++++ MATERIAL TO PROCESS ++++
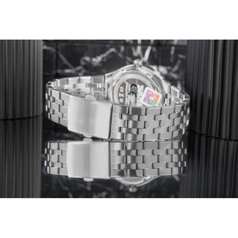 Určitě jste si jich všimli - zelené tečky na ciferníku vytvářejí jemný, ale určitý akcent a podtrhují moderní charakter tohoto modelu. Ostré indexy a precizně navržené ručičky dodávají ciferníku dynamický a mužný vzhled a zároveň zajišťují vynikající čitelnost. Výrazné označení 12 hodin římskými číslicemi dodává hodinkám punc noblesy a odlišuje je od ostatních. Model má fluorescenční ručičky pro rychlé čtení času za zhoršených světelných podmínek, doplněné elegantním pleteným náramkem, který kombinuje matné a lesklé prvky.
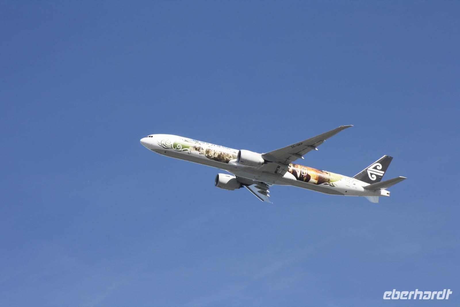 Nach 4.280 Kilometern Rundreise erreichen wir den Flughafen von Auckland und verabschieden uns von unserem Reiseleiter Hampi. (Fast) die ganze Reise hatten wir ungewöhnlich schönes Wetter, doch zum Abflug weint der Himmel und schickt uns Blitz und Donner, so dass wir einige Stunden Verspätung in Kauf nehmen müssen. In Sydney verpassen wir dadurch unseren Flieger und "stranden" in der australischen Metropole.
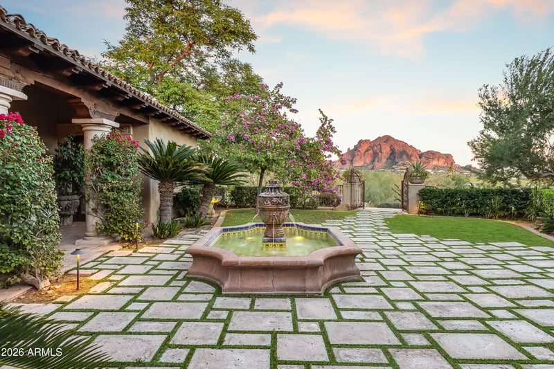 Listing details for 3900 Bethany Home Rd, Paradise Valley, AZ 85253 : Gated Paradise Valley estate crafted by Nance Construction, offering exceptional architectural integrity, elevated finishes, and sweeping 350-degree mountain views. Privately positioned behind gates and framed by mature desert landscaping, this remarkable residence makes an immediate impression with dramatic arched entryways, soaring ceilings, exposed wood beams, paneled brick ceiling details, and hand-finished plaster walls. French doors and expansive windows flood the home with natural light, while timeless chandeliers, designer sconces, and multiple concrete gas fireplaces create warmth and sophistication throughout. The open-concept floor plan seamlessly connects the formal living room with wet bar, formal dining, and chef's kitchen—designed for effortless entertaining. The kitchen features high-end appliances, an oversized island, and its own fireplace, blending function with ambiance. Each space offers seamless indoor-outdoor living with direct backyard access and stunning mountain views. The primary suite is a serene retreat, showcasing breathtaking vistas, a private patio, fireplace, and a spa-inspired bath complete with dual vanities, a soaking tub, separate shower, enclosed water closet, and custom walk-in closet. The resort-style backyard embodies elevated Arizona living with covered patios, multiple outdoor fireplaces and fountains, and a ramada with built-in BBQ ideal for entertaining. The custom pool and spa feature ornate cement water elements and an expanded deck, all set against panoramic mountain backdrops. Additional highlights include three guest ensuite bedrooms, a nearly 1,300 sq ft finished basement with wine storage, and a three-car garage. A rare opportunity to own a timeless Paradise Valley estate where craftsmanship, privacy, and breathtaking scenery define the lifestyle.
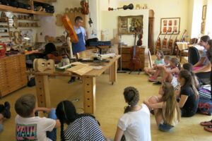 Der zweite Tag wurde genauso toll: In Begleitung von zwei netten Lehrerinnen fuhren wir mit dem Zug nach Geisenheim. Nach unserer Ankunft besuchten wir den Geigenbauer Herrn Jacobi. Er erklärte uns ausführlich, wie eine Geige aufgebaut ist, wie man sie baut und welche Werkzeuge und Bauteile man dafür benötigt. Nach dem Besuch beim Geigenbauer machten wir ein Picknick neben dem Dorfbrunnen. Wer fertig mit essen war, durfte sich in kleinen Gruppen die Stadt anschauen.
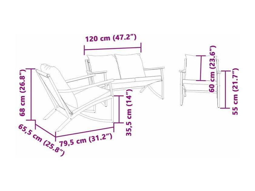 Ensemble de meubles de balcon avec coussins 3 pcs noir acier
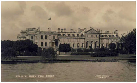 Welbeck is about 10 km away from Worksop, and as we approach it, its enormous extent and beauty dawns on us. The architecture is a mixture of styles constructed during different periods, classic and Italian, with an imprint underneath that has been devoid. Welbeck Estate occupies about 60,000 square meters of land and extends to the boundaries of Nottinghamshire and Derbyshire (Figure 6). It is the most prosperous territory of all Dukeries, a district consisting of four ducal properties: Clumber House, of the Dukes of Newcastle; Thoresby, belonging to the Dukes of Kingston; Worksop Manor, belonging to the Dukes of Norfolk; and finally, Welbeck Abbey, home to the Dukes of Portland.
++++
REQUIRED ACTION: Return exactly the lines from the one containing "Der zweite Tag" through the end of the records, leaving out every picture.

COMPLETED TASK:
 Der zweite Tag wurde genauso toll: In Begleitung von zwei netten Lehrerinnen fuhren wir mit dem Zug nach Geisenheim. Nach unserer Ankunft besuchten wir den Geigenbauer Herrn Jacobi. Er erklärte uns ausführlich, wie eine Geige aufgebaut ist, wie man sie baut und welche Werkzeuge und Bauteile man dafür benötigt. Nach dem Besuch beim Geigenbauer machten wir ein Picknick neben dem Dorfbrunnen. Wer fertig mit essen war, durfte sich in kleinen Gruppen die Stadt anschauen.
 Ensemble de meubles de balcon avec coussins 3 pcs noir acier
 Welbeck is about 10 km away from Worksop, and as we approach it, its enormous extent and beauty dawns on us. The architecture is a mixture of styles constructed during different periods, classic and Italian, with an imprint underneath that has been devoid. Welbeck Estate occupies about 60,000 square meters of land and extends to the boundaries of Nottinghamshire and Derbyshire (Figure 6). It is the most prosperous territory of all Dukeries, a district consisting of four ducal properties: Clumber House, of the Dukes of Newcastle; Thoresby, belonging to the Dukes of Kingston; Worksop Manor, belonging to the Dukes of Norfolk; and finally, Welbeck Abbey, home to the Dukes of Portland.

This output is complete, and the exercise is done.